» Records for the exercise:
____________________
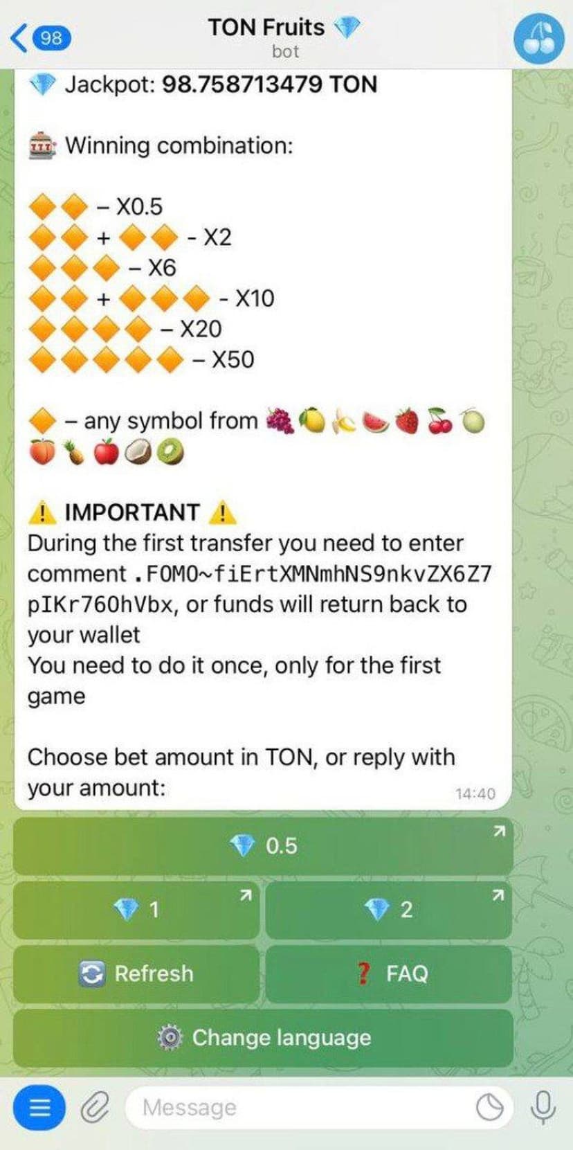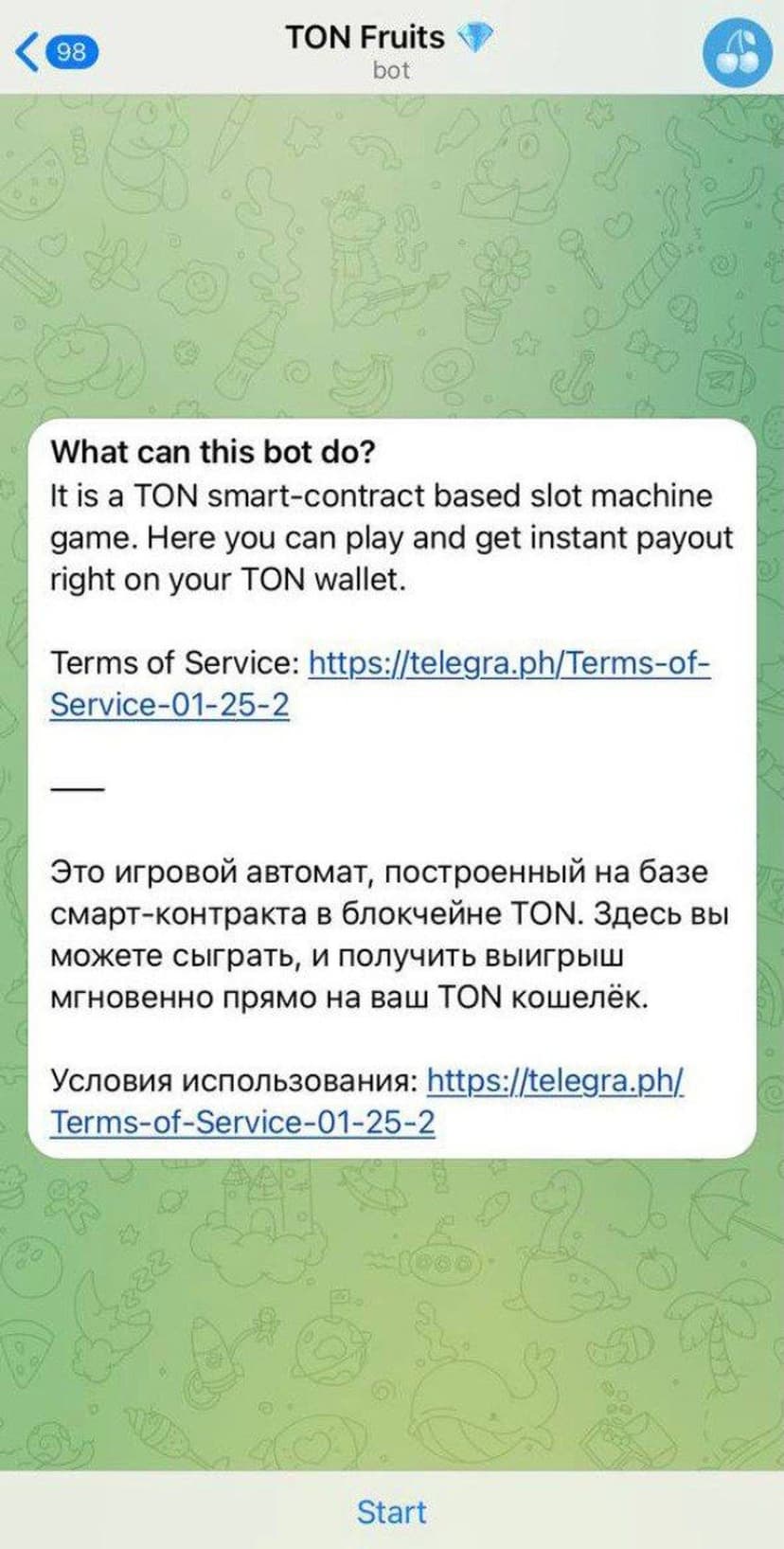 *Нажимая "Открыть в Telegram", вы перейдете к приложению TON Fruits в мессенджере Telegram
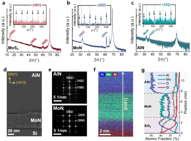 圖2的XRD結果顯示,藍寶石襯底上的原始MoS2、氮化處理后的MoN,以及后續(xù)磁控濺射生長的AlN均為六方晶格結構,三者具有一致的面外面內晶向;AlN/MoN界面TEM圖像展現(xiàn)了AlN有序的原子排列和清晰的原子界面,并通過對AlN和MoN原子結構進行快速傅里葉變換,進一步證實了AlN和MoN晶格間的外延關系。通過晶格常數(shù)計算發(fā)現(xiàn),MoN與AlN的晶格失配僅約8%,顯著小于AlN與藍寶石或Si襯底的失配度,這一特性證明了MoN緩沖層在多種材料襯底上外延生長Ⅲ族氮化物薄膜的應用潛力。
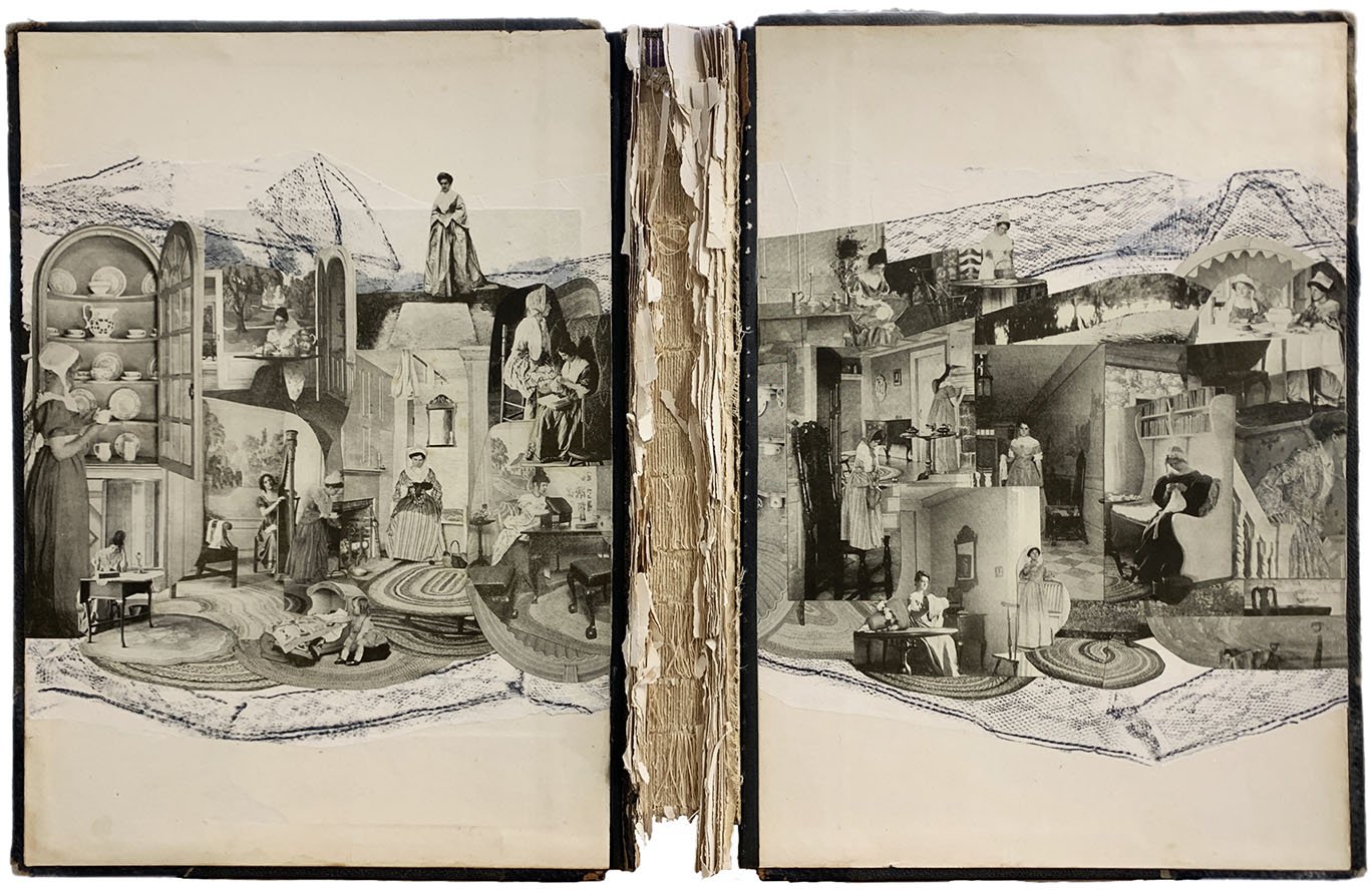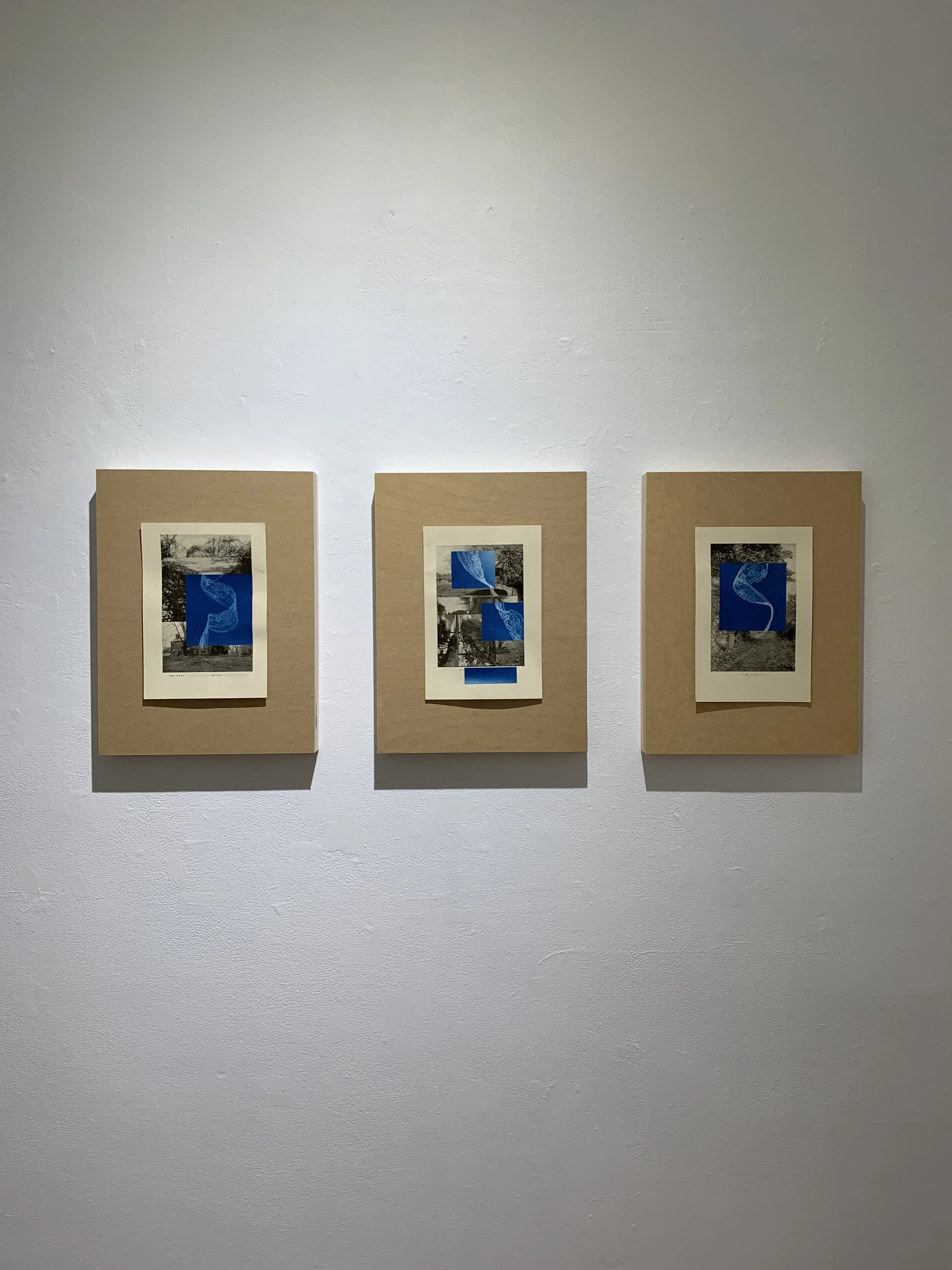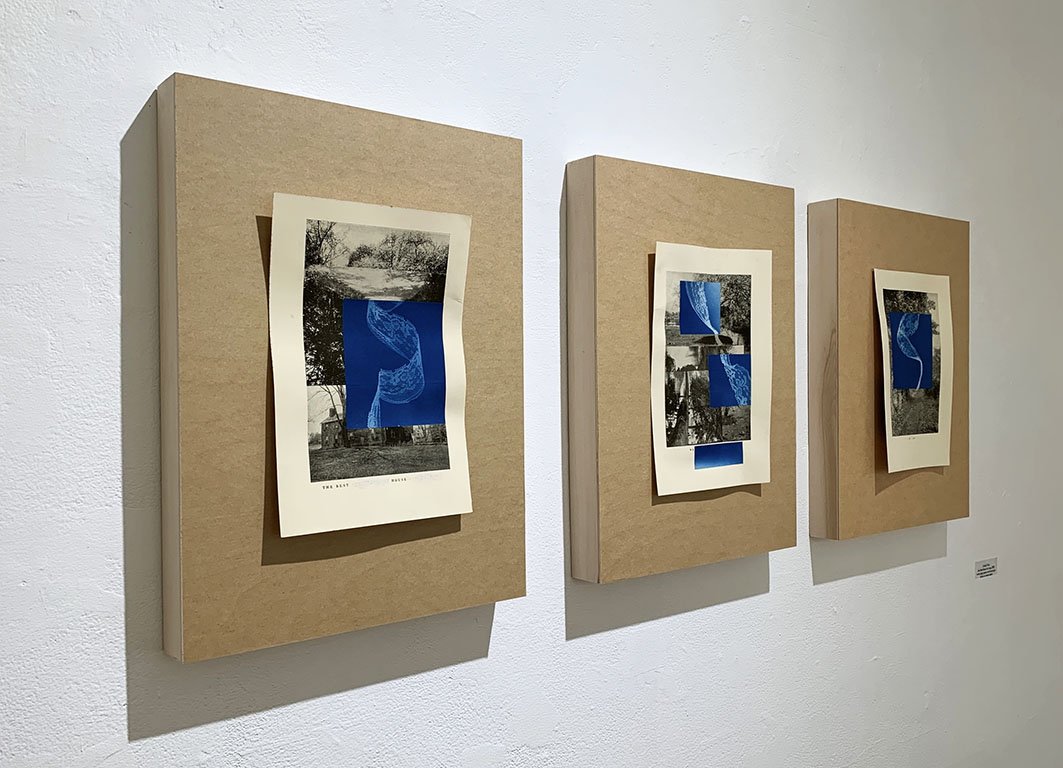 With my studio set up in the former servants’ quarters, meditations on enclosure, visibility and invisibility, gender, and domesticity guided my work. The collection of collages I produced during the residency period reflect the restrictive, gendered ideas of home as evoked in two books contemporary with the house’s early years: Men of Progress: Connecticut (1898) and Connecticut Beautiful (1922). I worked with the materials of the books—their foxed pages, their leather-clad covers, their images and words—as well as with materials of book and home making—wood, cloth, thread, kitchen paper. Cyanotypes captured the exterior light as it moved through the house and the contents of my great-grandmother’s sewing basket, marking a lace path to an exit.
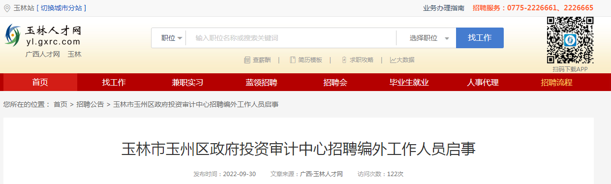 2022年广西玉林市玉州区政府投资审计中心编外工作人员招聘公告10-01
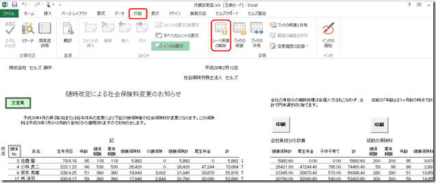 任意の処理ファイルのPDF保存お問い合わせ 台帳⇒ 月額変更届⇒ 通知書(会社用および個人用)をPDF保存することはできますか? 回答 処理ファイルにPDF化するボタンがない場合は、 ①「校閲」⇒ 「シートの保護解除」 ② 「ページレイアウト」タブから「印刷範囲」の選択 ③台帳メニューバーの「業務日誌」にある「PDF作成」を選択でPDF保存してください。
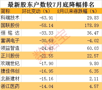 126家股东户数下降公司中,有18股东户数下降超10%,包括科瑞技术、国联股份、恒铭达等。科瑞技术股东户数下降最为明显,其最新股东户数为2.88万户,较7月底下降幅度接近64%,7月底该股股东户数接近8万户。国联股份下降幅度位居次席,其最新股东户数为13233户,下降超过58%,7月底该股股东户数超过3万户。
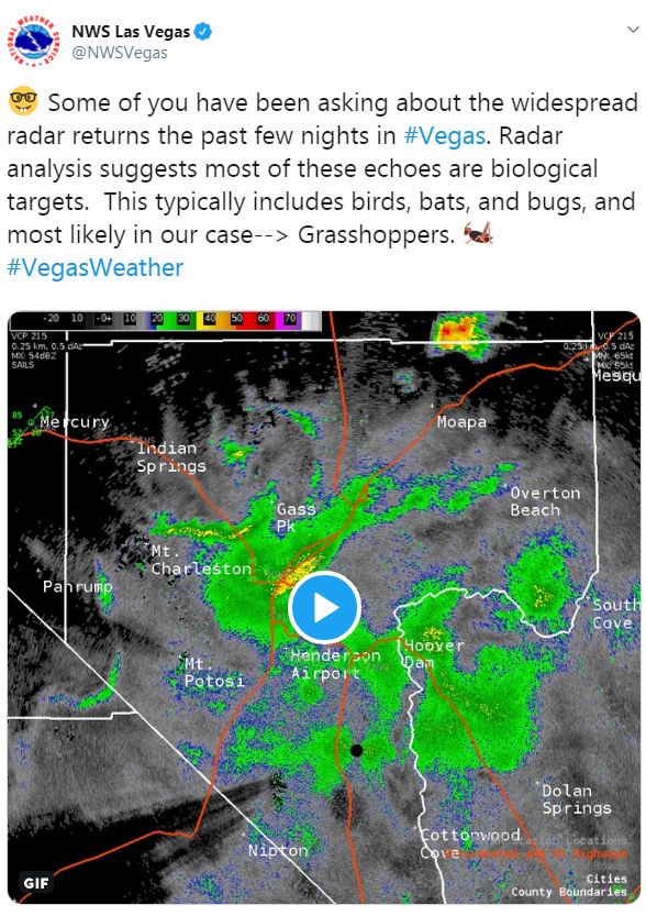 A migration of mild-mannered grasshoppers sweeping through the Las Vegas area is being attributed to wet weather several months ago.
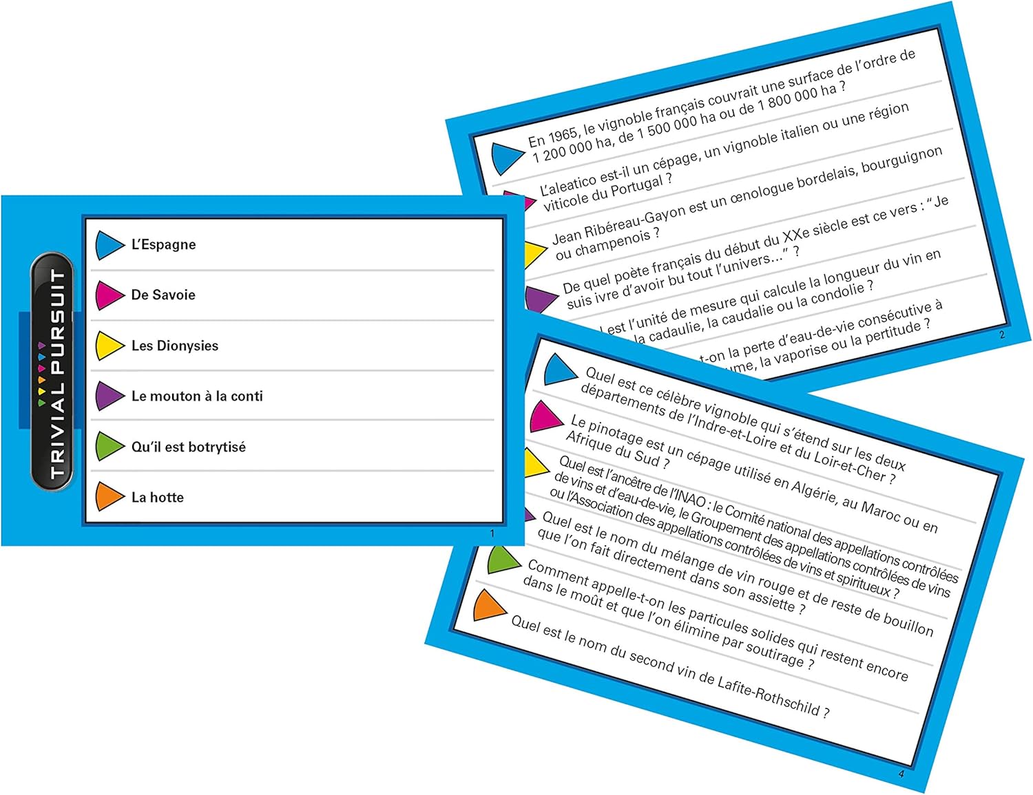 Pon a prueba tus conocimientos sobre el vino y sorprende a tus amigos con este Trivial Pursuit de 1800 preguntas divididas en 6 categorías: geografía del vino, terruños y variedades, historia del vino, cultura y vino, ciencias y vino y una categoría “sorpresa”.
____________________
» Requirement: Leaving the pictures out, output each line of the listing exactly.

» Answer section:
 *Нажимая "Открыть в Telegram", вы перейдете к приложению TON Fruits в мессенджере Telegram
 圖2的XRD結果顯示,藍寶石襯底上的原始MoS2、氮化處理后的MoN,以及后續(xù)磁控濺射生長的AlN均為六方晶格結構,三者具有一致的面外面內晶向;AlN/MoN界面TEM圖像展現(xiàn)了AlN有序的原子排列和清晰的原子界面,并通過對AlN和MoN原子結構進行快速傅里葉變換,進一步證實了AlN和MoN晶格間的外延關系。通過晶格常數(shù)計算發(fā)現(xiàn),MoN與AlN的晶格失配僅約8%,顯著小于AlN與藍寶石或Si襯底的失配度,這一特性證明了MoN緩沖層在多種材料襯底上外延生長Ⅲ族氮化物薄膜的應用潛力。
 With my studio set up in the former servants’ quarters, meditations on enclosure, visibility and invisibility, gender, and domesticity guided my work. The collection of collages I produced during the residency period reflect the restrictive, gendered ideas of home as evoked in two books contemporary with the house’s early years: Men of Progress: Connecticut (1898) and Connecticut Beautiful (1922). I worked with the materials of the books—their foxed pages, their leather-clad covers, their images and words—as well as with materials of book and home making—wood, cloth, thread, kitchen paper. Cyanotypes captured the exterior light as it moved through the house and the contents of my great-grandmother’s sewing basket, marking a lace path to an exit.
 2022年广西玉林市玉州区政府投资审计中心编外工作人员招聘公告10-01
 任意の処理ファイルのPDF保存お問い合わせ 台帳⇒ 月額変更届⇒ 通知書(会社用および個人用)をPDF保存することはできますか? 回答 処理ファイルにPDF化するボタンがない場合は、 ①「校閲」⇒ 「シートの保護解除」 ② 「ページレイアウト」タブから「印刷範囲」の選択 ③台帳メニューバーの「業務日誌」にある「PDF作成」を選択でPDF保存してください。
 126家股东户数下降公司中,有18股东户数下降超10%,包括科瑞技术、国联股份、恒铭达等。科瑞技术股东户数下降最为明显,其最新股东户数为2.88万户,较7月底下降幅度接近64%,7月底该股股东户数接近8万户。国联股份下降幅度位居次席,其最新股东户数为13233户,下降超过58%,7月底该股股东户数超过3万户。
 A migration of mild-mannered grasshoppers sweeping through the Las Vegas area is being attributed to wet weather several months ago.
 Pon a prueba tus conocimientos sobre el vino y sorprende a tus amigos con este Trivial Pursuit de 1800 preguntas divididas en 6 categorías: geografía del vino, terruños y variedades, historia del vino, cultura y vino, ciencias y vino y una categoría “sorpresa”.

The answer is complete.